Member of the Grand National Assembly
- In office 7 June 2015 – 23 June 2018
- Constituency: Mardin (June 2015 Batman (November 2015)

Personal details
- Born: 1975 (age 50–51) Silvan, Diyarbakır Province, Turkey
- Party: People's Democratic Party (HDP)
- Profession: Sports teacher

= Mehmet Ali Aslan =

Turkish politician

Mehmet Ali Aslan (born 1975 in Silvan, Diyarbakır Province, Turkey) is a Turkish politician of Mhallami descent and the founding chairman of the ethnic group's first organization, the Mhallami Association.

Born in Silvan, Diyarbakır Province, Aslan grew up in Mercimekli in Midyat. Since 2002, he has been working as a sports teacher in Midyat.

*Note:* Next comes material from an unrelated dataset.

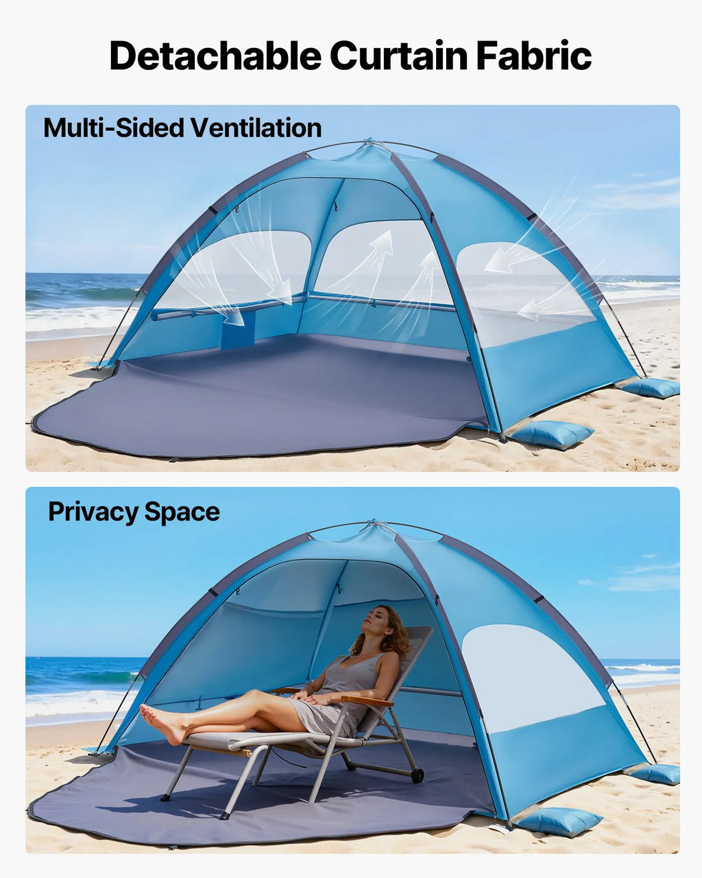 Ventilācija un privātums: Aprīkota ar noņemamiem aizkariem, kempinga nojume ļauj tos sarullēt labākai daudzpusīgai ventilācijai vai aizvērt, lai izveidotu privātu telpu. Nodrošina elastīgu un lietotājam ērtu pielāgošanu jebkurai atpūtas dienai pludmalē.

Aslan contested the June 2015 general election as a list candidate for the Peoples' Democratic Party (HDP). Placed 4th representing Mardin, Aslan was elected to become the first Mhallami member of the Turkish Parliament. As he committed his oath of office to the "peoples of Turkey" rather than "the Turkish people," he was called out for allegedly having Armenian roots. Aslan however denied "any connection with Armenians. If I had, I would be proud of it."

In the November snap election, he was placed 2nd on the HDP's list in the neighboring Batman province and was reelected to parliament.